SINGAPORE (Feb 20): Global investment bank Jefferies says the increase in buyer’s stamp duty for residential properties in Singapore announced at Budget 2018 on Monday could put a slight dent in developer margins, but is unlikely to put the brakes on positive sentiment.

“While the budget measures are marginally negative for developers, sentiment may not be adversely impacted. There may be slight dent in margins, and overall demand may be supported by other countervailing factors like rising household income, broad-based economic growth and still-low rates,” says analyst Krishna Guha.

Finance Minister Heng Swee Keat yesterday said the government will be raising the top marginal buyer's stamp duty (BSD) rates for residential properties by 1 percentage point to 4%.

Starting today, the higher top marginal rate will apply to the portion of a residential property’s value exceeding $1 million.

The increase will impact direct purchases, as well as purchases through share transfers in companies primarily holding residential properties.

See: Top marginal buyer's stamp duty for residential properties raised to 4%

Guha notes that developers’ margins will take a “slight hit” should they choose to absorb the increase in stamp duty. “For future en bloc, especially involving larger sums, developers need to factor the hikes in bid price,” he adds.

However, the analyst highlights that the higher stamp duty is more than a revenue measure for the government than a demand cooling measure.

“The impact is mild on mid-end property purchases.
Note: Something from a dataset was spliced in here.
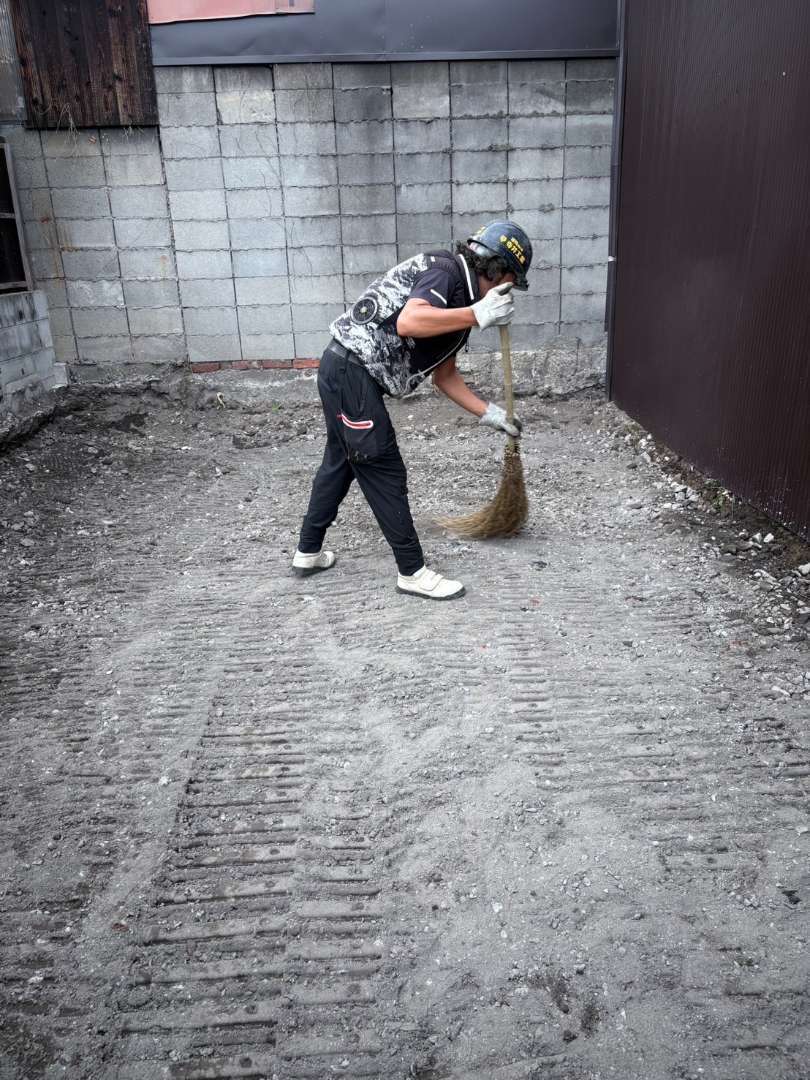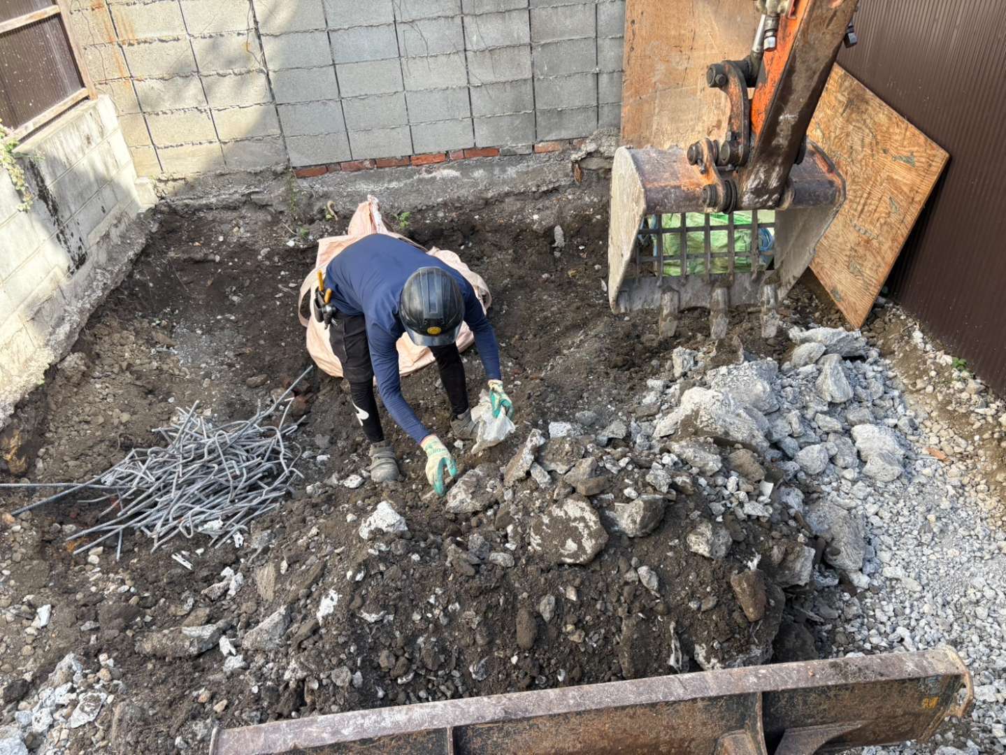 スケルトンバケツから抜け落ちた細かいコンクリート片も丁寧に手作業にて拾い集めます👍

Given the buoyant sentiment and bullish land bids by developers, expectation of future price increase may exceed the impact of higher stamp duties,” Guha says.

As such, Jefferies is keeping its “buy” calls on Wing Tai Holdings and City Developments with target prices at $2.88 and $14.80, respectively.

As at 12.49pm, shares of Wing Tai are trading 4 cents down at $2.21 while shares of CityDev are trading 28 cents down at $12.62.